Firouz has scored some important successes as an innovator of specialty marketing. "Being in specialized pharmaceuticals, we focus on delivering products to specific populations with serious unmet medical needs," he says. "So, for us, it's not about advertising. Our priority is driving the pipeline and bringing new products to patients—not 'consumers'—while our marketed brands are supported by superior educational, support, and access resources."

Commercializing specialty products for serious diseases like MS requires a certain sensitivity—and the education and support programs developed by Serono are among the best in the business. Branded "Lifelines," the call-centers and home visits evolved, says Firouz, from the company's "exploring a more holistic approach. We are drug discoverers and developers, yes, but ultimately we are talking about an individual coping with a very complex, confusing, even horrendous, chronic disease. A member of my family has MS, so I know how difficult it is."

The medical focus expanded to include community building, with webcasts, telecasts, and local events.
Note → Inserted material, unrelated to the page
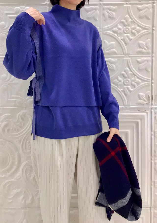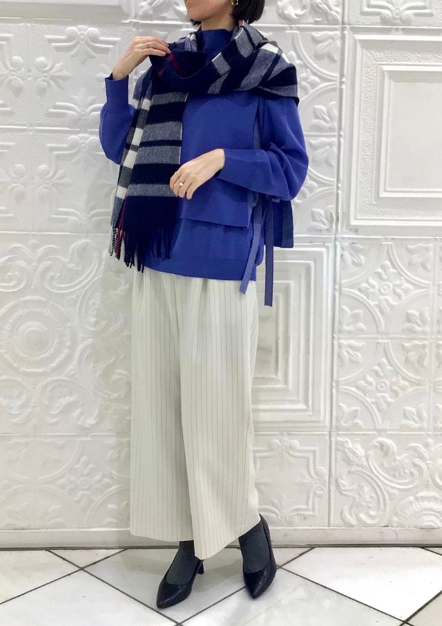 明るいカラーのワイドパンツと春先まで活躍します🌟

The company further deepened its commitment to the MS community last June with MS Lifelines Access Made Simple, offering immediate treatment with Rebif for no more than a $50 co-pay (a year's worth of Rebif runs $22,000), as patients struggle to negotiate the red tape of reimbursement assistance.

EMD Serono has gone on to apply the Lifelines model to its fertility and growth-hormone product lines much as a drug is extended for additional applications. "You could very easily say EMD Serono equals biopharmaceutical company, and biopharmaceutical company equals a vial with a biologic in it. But it's not that at all. In fact, EMD Serono is this entire holistic approach."

EMD Serono's innovative specialty marketing may be a partial bulwark against the encroaching threat of biosimilars. Already authorized in Europe, follow-on biologics increasingly appear to be a fait accompli in the United States, although serious concerns over their efficacy and safety may stall legislation for a year or two. For biopharmas like Merck Serono, there are also serious concerns about innovator exclusivity.

Firouz is an engaged but fair-minded partisan on the issue. "My position is not that we should not have follow-on biologics. But in order for them to be a realistic and viable option for patients, two things need to happen," he says. "First, any company producing biosimilars needs to run the proper clinical trials. Second, the innovators, like Merck Serono, need proper incentives in order to keep up our intensive, high-risk investment in the next wave of innovation. Because, ultimately, what we are here for is to come up with cures."

It is not every day that a pharma leader talks passionately about patient support and cures for disease. As for the bottom line, Merck Serono's second-quarter filings record pharma sales rising 11 percent against last year's, with Rebif up 8.2 percent to a record $420 million for the quarter and Erbitux jumping 44 percent to $156 million. It saw its first drug go to market since the merger—Pergoveris, the first-ever recombinant combo to stimulate fertility. If its late-stage pipeline pans out, Merck Serono could be launching new drugs for major diseases like MS and Parkinson's as well as several treatments for small, but serious, unmet medical needs.

Conventional wisdom has it that the failure rate of mergers—in terms of achieving greater-than-average productivity, not to mention intended goals—is slightly less than that of marriages, about 50 to 80 percent. But based on the bottom line, at year one, it looks like Merck Serono may beat the odds.